21 de abr. de 2019

Ser


Na maior parte do tempo, mesmo com todo o ranger enlouquecedor das engrenagens da vida, o que estava à tona era uma silenciosa espécie de não-ser. Uma incógnita, uma ansiedade, uma espera conscientemente inútil pontilhada por cacos nocivos de uma saudade morta-viva, indecomposta.
O mundo se tornara vulgarmente árido e óbvio. E contrário disso, a vida em exuberância, claridade e mistério, abria uma janela memorial para um passado que jamais deve ser tocado ou sentido, ainda que pulse.
Eu queria que restasse nos cantos da alma aquelas pequenas preciosidades bobas que eu oferecia tão carinhosamente... Quando, mesmo com toda a densidade e escuridão já tão profundamente conhecidas, vividas, sentidas, havia um riacho de docilidade que jorrava pelo sertão amargo dos dias.
Talvez se eu conseguisse me ver com os olhos que você fingia me ver antes de para sempre partir, eu entenderia algo mais perene sobre o verdadeiro amor.
Eu não gostaria de viver satisfeito apenas por ter tempo suficiente para tomar fôlego para o próximo susto. Acredito que você também não.
Eu estou com o papel em branco em mão, e mesmo com as forças que seguram e endurecem meus dedos, talvez eu ainda possa reescrever um final ou dois, um caminho que traga novamente aquele fogo ao olhar.
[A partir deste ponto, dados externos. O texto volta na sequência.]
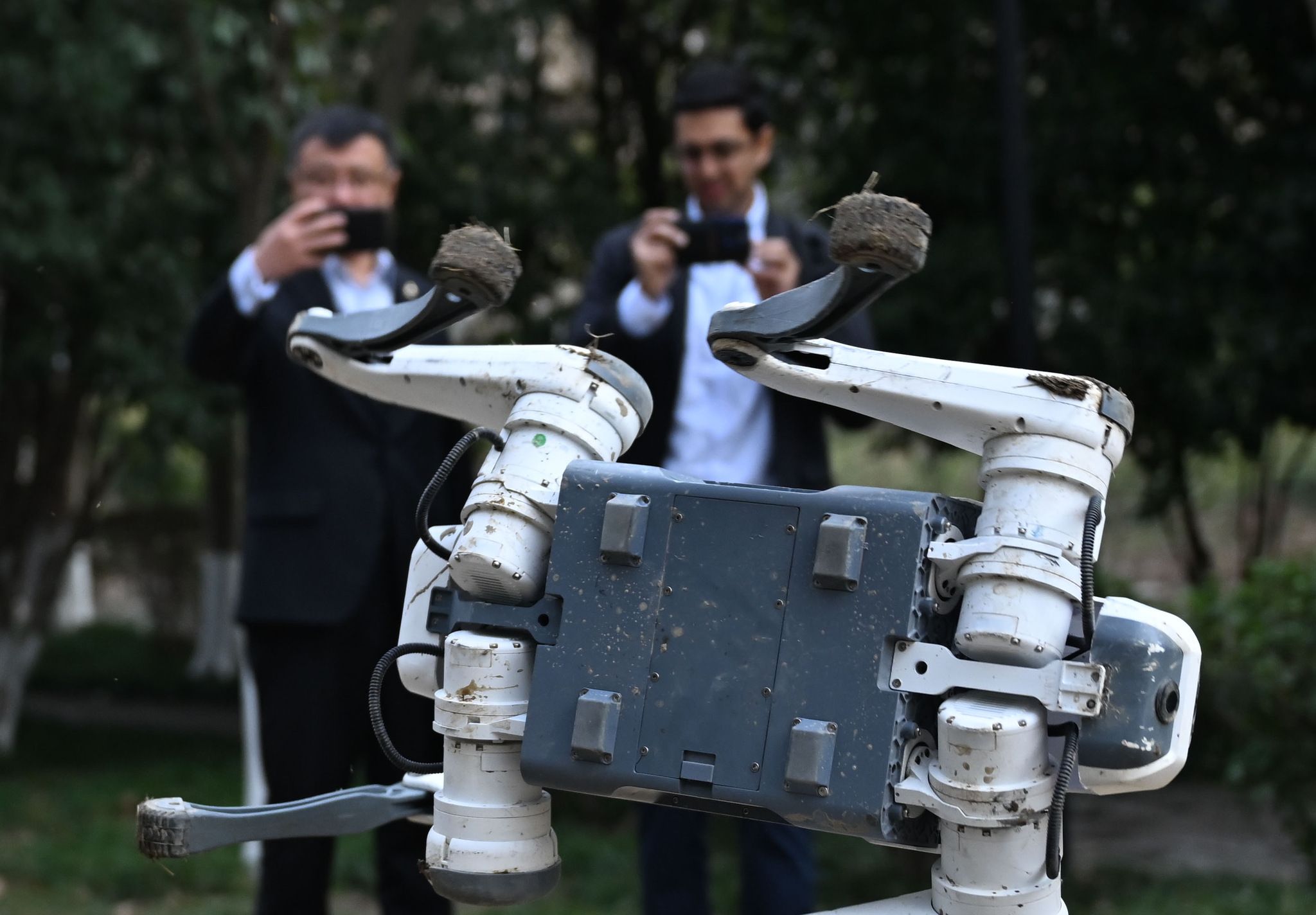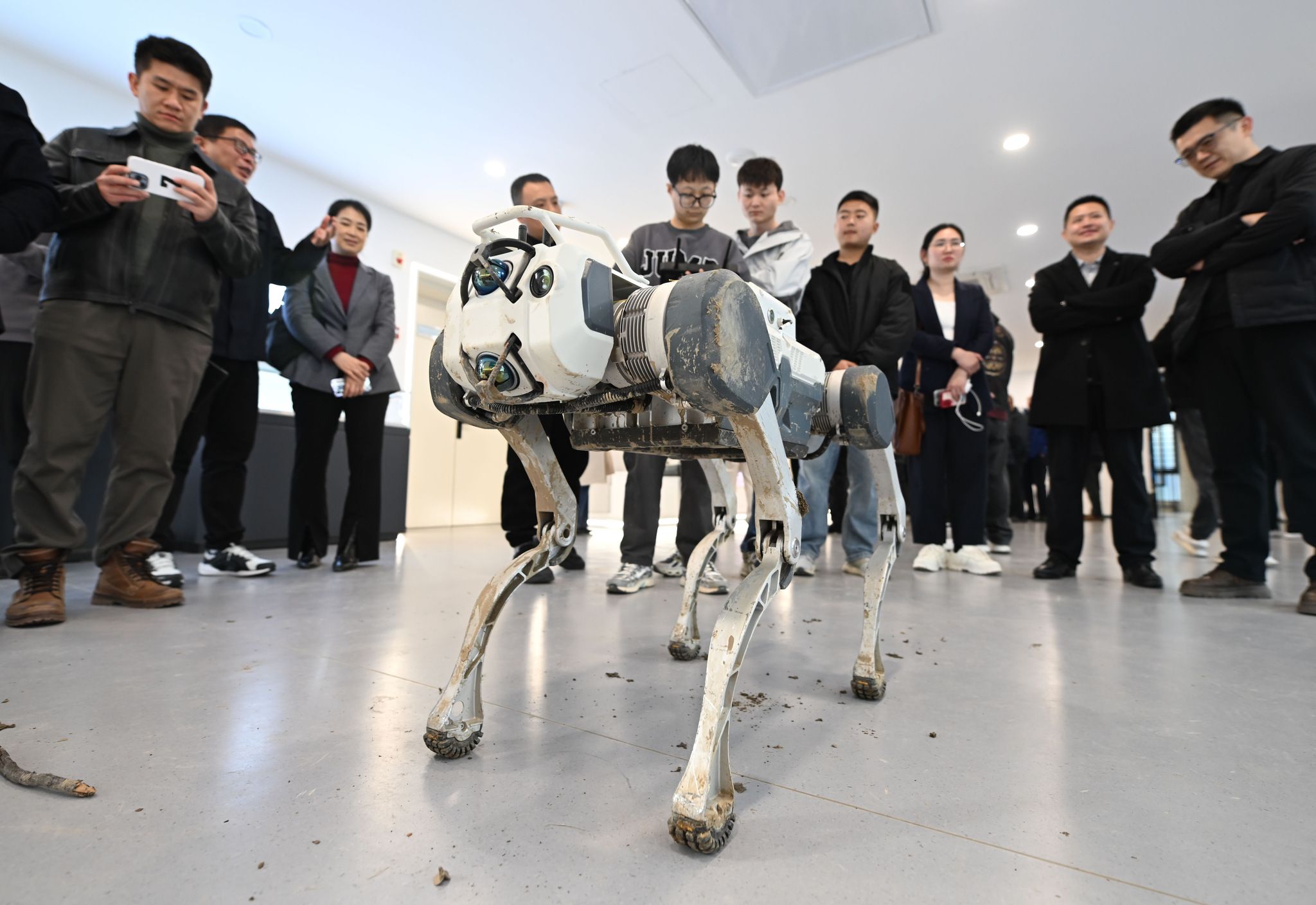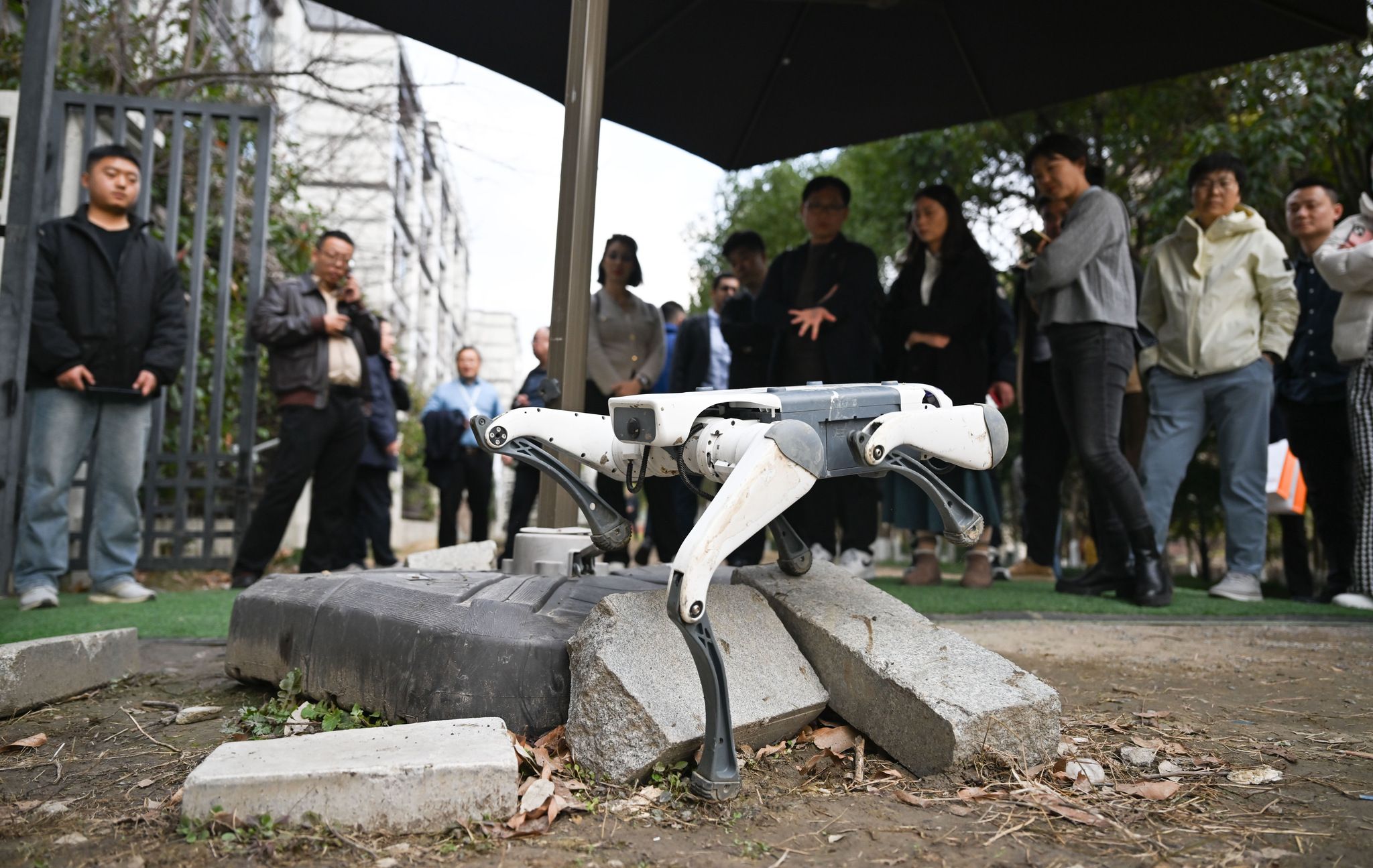 2025年2月27日,四足机器人展示复杂地面的通过能力。近日,随着“杭州六小龙”在网络走红,其中的浙江杭州云深处科技公司四足机器人等产品颇受关注。目前到访该企业的电力、消防、汽车、文旅等行业的参观团队络绎不绝。 中新社记者 王刚 摄

Quais palavras ainda não foram por mim ditas, que suplicas não foram lançadas ao universo, o que ainda não foi exposto do coração, mesmo para seres estranhos, incapazes, frios? Parece mais difícil agora descobrir.
Eu sempre irei voltar para esse vórtice de gratidão, confusão, medo e ódio por ter sido um dia abençoado com a maldição do seu amor...
Mas mesmo nessa penumbra dos dias, mesmo nessa ausência aparente de claridades e belezas e sonhos recém-nascidos, o que existira do verdadeiro Eu ainda existe na mesma proporção, ainda que encarnado em uma forma completamente diferente.